Хотя с чего это Йенс взял, что Эрик сейчас «взаперти»? Забавно думать о таких вещах касательно главного гангстера города, который запросто может застрелить всех, кому не нравится то, что он делает. Может быть, Ричардсон вовсе и не прячется, просто художник не знает ничего ни о том, что происходит вокруг Эрика, ни о том, что происходит внутри него.
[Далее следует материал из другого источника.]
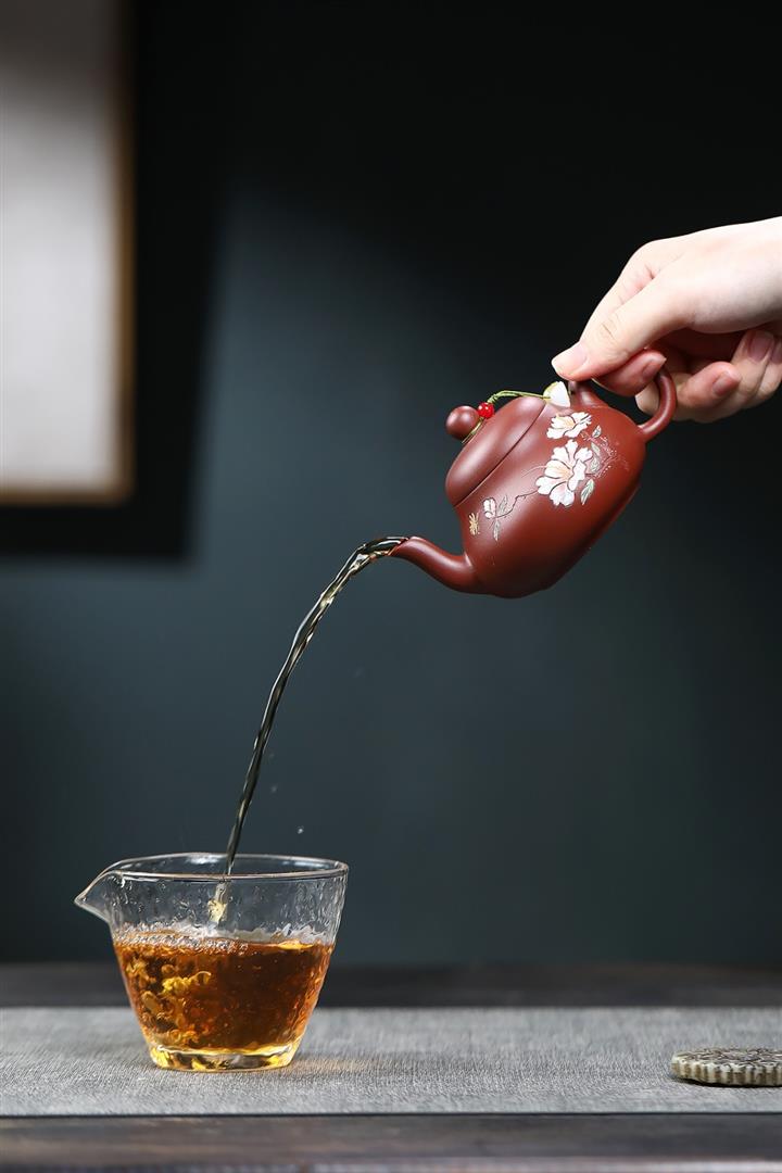 【泥料特點】砂土氣重,似淳實農民,日久使用,漸露鋒芒,養成變化,溫潤莊重。紫砂是壹種雙重氣孔結構的多孔性材質,氣孔微細,密度高。用紫砂壺沏茶,不失原味,且香不渙散,得茶之真香真味。紫砂使用越久,壺身色澤越發光亮照人,氣韻溫雅。紫砂壺長久使用器身會因撫摸擦拭,變得越發溫潤光澤。

Мужчина вышел из кинотеатра, вдыхая в себя свежий воздух. Йоханесс провел руками по отросшим волосам и спрятал в ладонях лицо. Ольсен определённо сходил с ума. С какого момента его вообще начала волновать судьба Эрика? Художник с ужасом осознавал то, что все его мысли за этот день сводились к Ричардсону. Это ведь неправильно? Это ведь… болезнь!
Ольсен не прав. Мать бы не осуждала сына, она бы испугалась. Это нормальная реакция, потому что психическое расстройство – это страшно. Куда теперь дорога Йенсу? Прямиком в больницу для сумасшедших? Мужчина ринулся со своего места и резко побежал вперёд, не обращая никакого внимания на мимо проходящих людей. Не думать. Забыться. Недуматьнедуматьнедуматьнедумать.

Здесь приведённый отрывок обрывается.